By Cathy Young  |  February 13, 2006  |  The Boston Globe

AS THE DANISH cartoons satirizing Mohammed continue to cause violent 
protests throughout the Muslim world, and Western newspapers grapple 
with the issue of whether to publish the offending cartoons, many people 
are asking what this incident says about the ability of Islam, at least 
in its current state, to coexist with modern democratic civilization and 
its cherished freedoms. That is a legitimate question, and we should not 
be deterred from asking it by either political correctness or 
intimidation. But the tension between traditional religion and 
modernity, between piety and freedom, are not limited to Islam alone -- 
though Islamic radicalism today represents a uniquely deadly form of 
this tension.

In a New York Times column, David Brooks contrasts the Islamic 
extremists' attitudes with ours: The West, with its ''legacy of Socrates 
and the agora" and its ''progressive and rational" mindset, is open to a 
multiplicity of arguments, perspectives, and ''unpleasant facts," while 
radical Muslims cling to ''pre-Enlightenment" dogmatism and shrink from 
the ''chaos of our conversation."

Yet Brooks overlooks the fact that a large segment of the population in 
the West, and especially in the United States, rejects the progressive, 
rational mindset and embraces pre-Enlightenment values as well. 
Fundamentalist Christians, traditionalist Catholics and ultra-Orthodox 
Jews do not, with very few exceptions, call for violence in response to 
heresy; that is a key distinction. But they too often equate criticism 
(let alone mockery) of their beliefs with ''religious bigotry" or ''hate 
speech." And they, too, often seek not simply to protest but to shut 
down offensive speech.

In 1998, when a Broadway theater announced the production of Terrence 
McNally's play ''Corpus Christi," depicting a gay Jesus-like character, 
the Catholic League for Religious and Civil Rights launched a 
letter-writing campaign against it. There were also threats of violence 
and arson, which at one point swayed the theater to cancel the play. The 
Catholic League reacted with jubilation, and while formally deploring 
the threats it also warned that if another theater picked up ''Corpus 
Christi," it would ''wage a war that no one will forget." (The theater 
eventually revived the production.)

Interestingly, the head of the Catholic League, William Donohue, 
recently applauded the decision of most American newspapers not to 
publish the Mohammed cartoons and lamented only that his group's 
protests against offensive material have been less successful. Many of 
the same newspapers that decided -- quite wrongly, in my view -- not to 
reproduce the cartoons even as part of a news story about the reaction 
to them have run photos of controversial works of art considered 
sacrilegious by Christians, and defended the display of those works in 
tax-funded museums.

Donohue makes an important point when he says that this double standard 
reflects fear of violence by Islamic extremists, and that caving in to 
such intimidation is a deplorable message to send. But he, too, agrees 
that freedom of the press should take a back seat to respect for what is 
sacred to believers. Respect is of course a fine thing, but where does 
one draw the line between insult and criticism or questioning? A few 
years ago, the charge of ''Christian bashing" was leveled at the ABC 
show ''Nothing Sacred," which questioned Catholic doctrine on birth 
control and priestly celibacy.

Others from the Christian right, such as Andrea Lafferty of the 
Traditional Values Coalition, have echoed the notion that the media 
should show the same deference to conservative Christians that they show 
to Muslims. And a few have openly voiced sympathy even with violent 
manifestations of Islamic extremism. Pat Buchanan recently wrote:

''When Bush speaks of freedom as God's gift to humanity, does he mean 
the First Amendment freedom . . . of Salman Rushdie to publish 'The 
Satanic Verses,' a book considered blasphemous to the Islamic faith? If 
the Islamic world rejects this notion of freedom . . . why are they wrong?"

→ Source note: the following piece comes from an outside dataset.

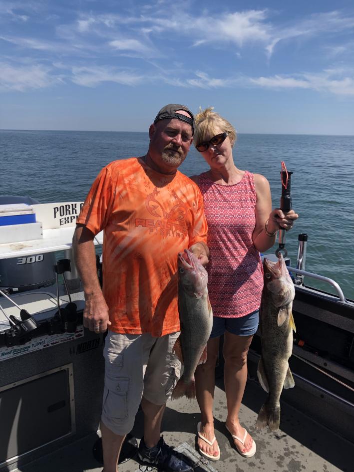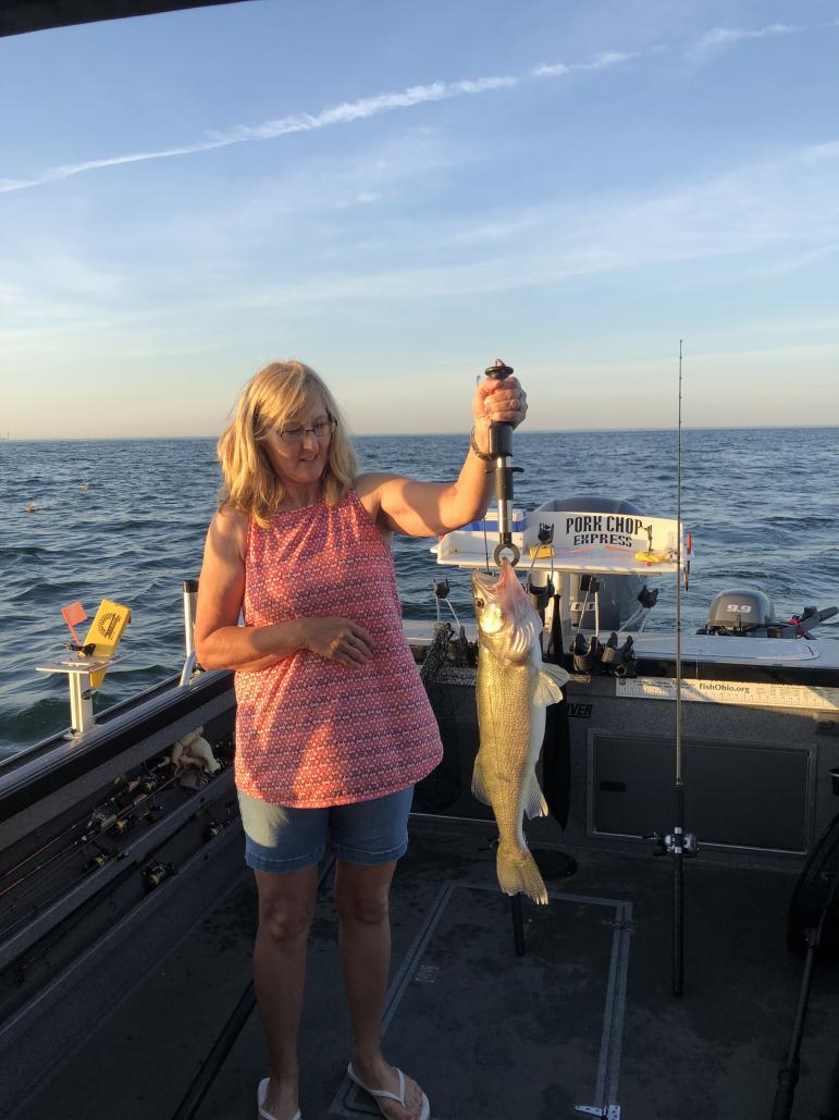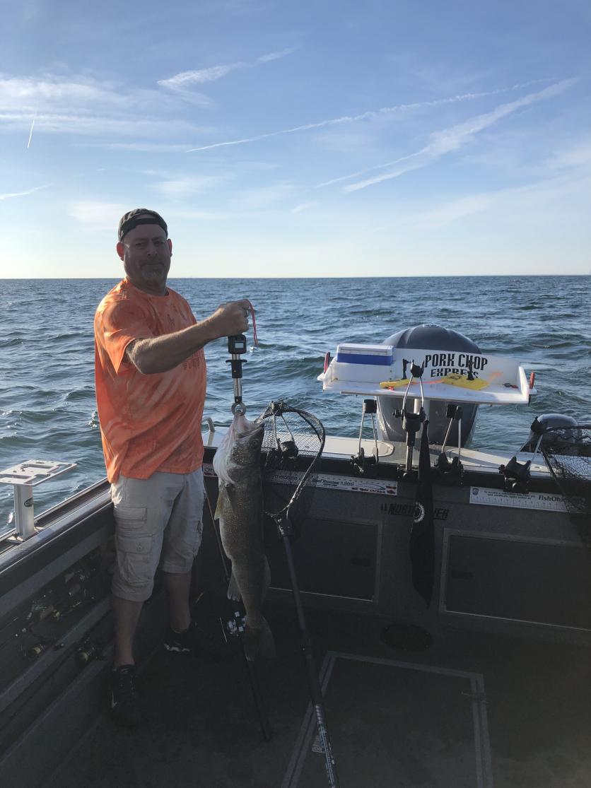 Wow Wow and Wow did we have a great trip Monday morning with a really nice couple from West Virginia. When the husband called he said they had a bad trip in the outer-banks not catching any fish. He said he just wanted his wife to be able to catch some fish. Boy did she ever, 31”, 26”, 28” some great fish. They had a blast and so did I. They said they will be back again in the fall to fish some more. We fished the weather buoy in 60 foot of water and found some great fish. We ran bandits 50/100 and 50/125 with 2oz and jet 40's 85 to 90 back with phantom Dagger #7's at 2.5 to 3mph. We caught fish before the second line was out, it was that kind of day. When they got tired of trolling we moved in over the south end of the dump and drifted and cast weapons rigs and the caught some walleye with the rod in hand and also a big channel catfish. super trip, super people and super fishing doesn't get much better.
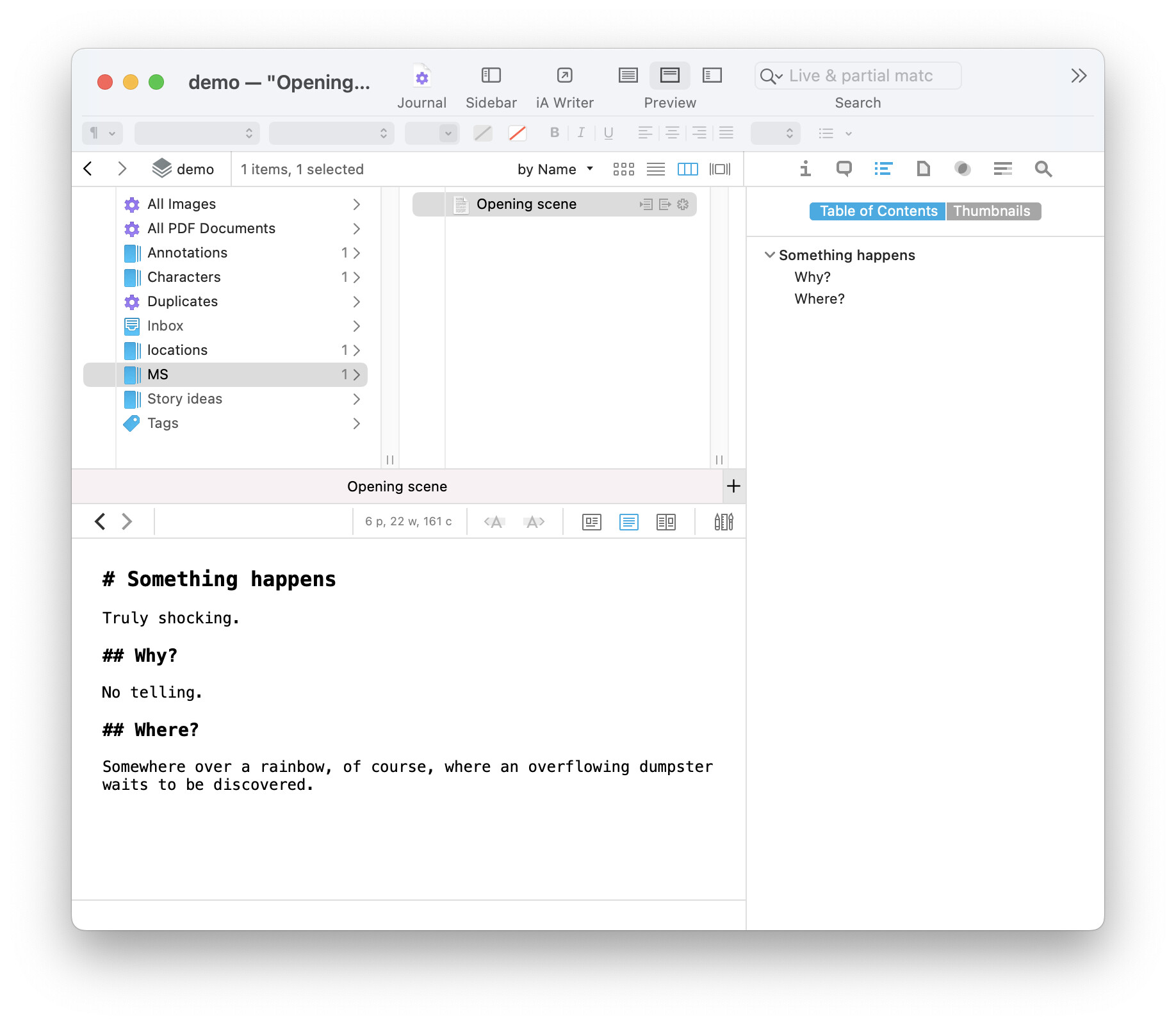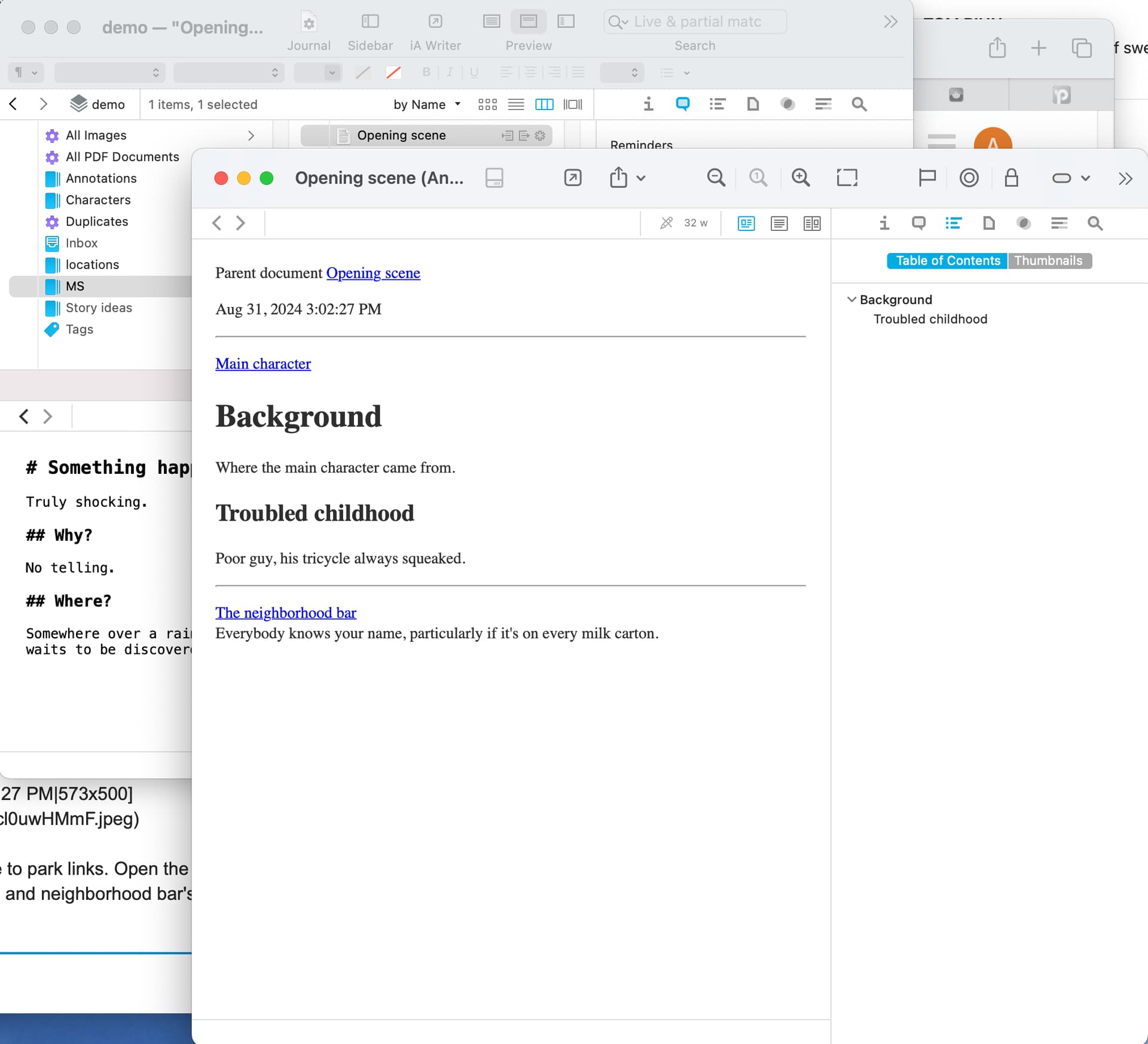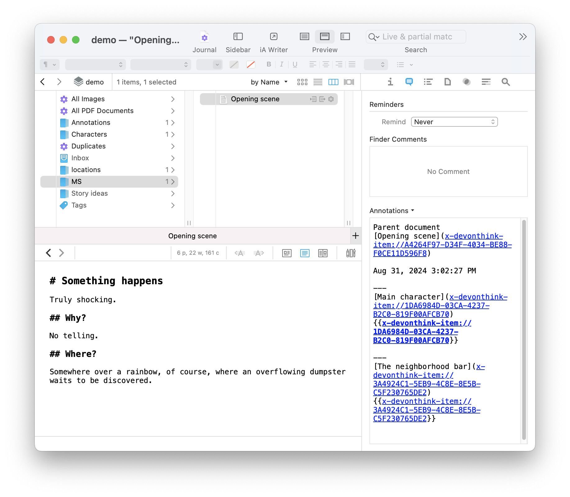 Imagine storyboarding a novel in Devonthink. Here’s the notes for the opening scene:

The truth is that modernity with its ''chaos of conversation," its chaos 
of lifestyles, its attitude that there is nothing more sacred than 
freedom of expression, is profoundly threatening to many religious 
traditionalists of different faiths. (Last year, quite a few American 
conservatives applauded Pope Benedict XVI's assault on ''the 
dictatorship of relativism.") At the present moment, for a variety of 
historical and cultural reasons, radical fundamentalism holds a 
particular sway in the Muslim world, where it is wedded to political 
violence in ways that have no parallel in other religions. To ignore 
this difference and this danger would be foolish. But it is also unwise 
to ignore the religious backlash against modernity right here in the 
West, and its own tensions with individual freedom.